With Joe Biden’s visit to the Emerald Isle still fresh in our memory, we thought we would reflect on a time when Wexford had a US presidential visit of its own…
President John Fitzgerald Kennedy addressing a crowd in Wexford town, 27 June 1963. (NLI, Independent Newspapers Collection)
‘I’m home’, US president Joe Biden recently declared while speaking in the Dáil chamber. The world leader’s four-day visit culminated in a return to his ancestral home of Ballina, Co. Mayo. Biden’s great-great-grandfather made the perilous journey across the Atlantic in 1848, in the midst of Ireland’s Great Hunger.
Biden is one of millions of Americans whose ancestors emigrated from Ireland to the United States generations ago. Famously, many Irish Americans are incredibly proud of their Irish heritage and long to get in touch with their roots in any way possible. US presidents, as it turns out, are no exception.
To date, 11 serving US presidents have visited the Emerald Isle. Many of these, including Richard Nixon, Ronald Reagan and Barack Obama, took the opportunity to make historic visits to their ancestral home towns. But there is a single US president whose connection with Ireland trumps all others. He made history by being the first serving US president to visit Ireland, and his paternal great-grandparents hailed from none other than New Ross, County Wexford.

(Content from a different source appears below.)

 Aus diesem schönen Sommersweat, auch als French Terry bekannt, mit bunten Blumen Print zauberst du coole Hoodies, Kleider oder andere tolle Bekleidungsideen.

John Fitzgerald Kennedy visited Ireland in June of 1963. It was just five months before his life was tragically cut short at the age of 46, when he was assassinated in Dallas, Texas. Kennedy recalled his visit to Ireland as ‘the best four days of my life’.

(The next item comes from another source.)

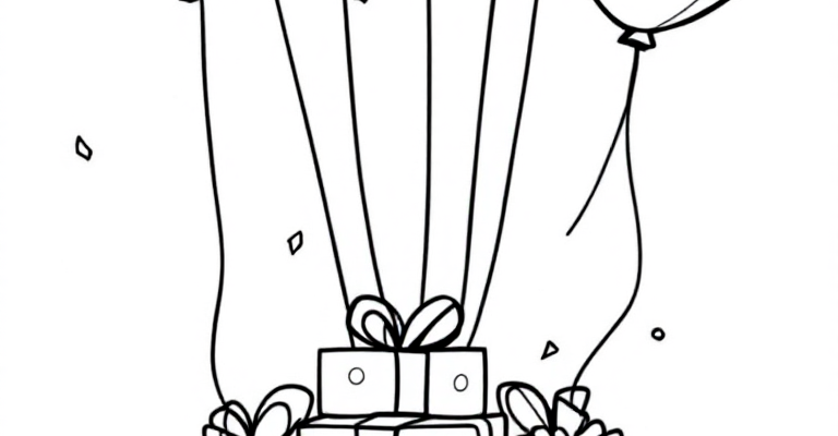 Откройте мир веселья с нашим раскраской с шариками и подарками 🎈🎁 Простые и яркие рисунки для детей развивают воображение и творческие навыки 🌟 Идеально

Just three generations previously, JFK’s great-grandparents Patrick Kennedy and Bridget Kennedy (née Murphy) departed New Ross for Boston, Massachusetts in search of a better life. There, they grew the soon-to-be prosperous and renowned Kennedy family. From humble beginnings emerged a family that took the United States by storm. Patrick and Bridget’s son, Patrick Joseph ‘PJ’ Kennedy was the first to be elected to public office in the United States, starting a trend of Kennedys in politics that continues to this day.
When the US president stepped foot on Wexford soil during that summer of ‘63, it was a giant leap not only for the Kennedy family but for Irish and Irish-American people the world over. When Patrick and Bridget Kennedy left New Ross in the nineteenth century, who could have possibly imagined that their great-grandson would later return to this same land as the most powerful man in the Western world?
The morning after his arrival in Dublin, the US president travelled to O’Kennedy Park in New Ross by helicopter. He was then driven to the quay in New Ross where he gave a speech to a crowd of 10,000. In this speech, Kennedy declared he was ‘glad to be here’ and that it ‘took 115 years to make this trip.’
From New Ross, Kennedy was driven to the Kennedy family homestead in Dunganstown. There, his distant cousins waited to greet him with a warm welcome home as well as tea and cake. While sharing tea with his relatives, JFK told them he wished to toast ‘all the Kennedys who went and all the Kennedys who stayed’.
JFK then left his ancestral home of Dunganstown to pay a visit to Wexford town. It was here that he famously laid a wreath at the foot of the iconic Commodore John Barry statue. A poetic moment to say the least; like the Kennedy family, John Barry also left Wexford to help shape the United States of America. Today, John Barry is one of few historical figures who are referred as ‘the father of the American navy’.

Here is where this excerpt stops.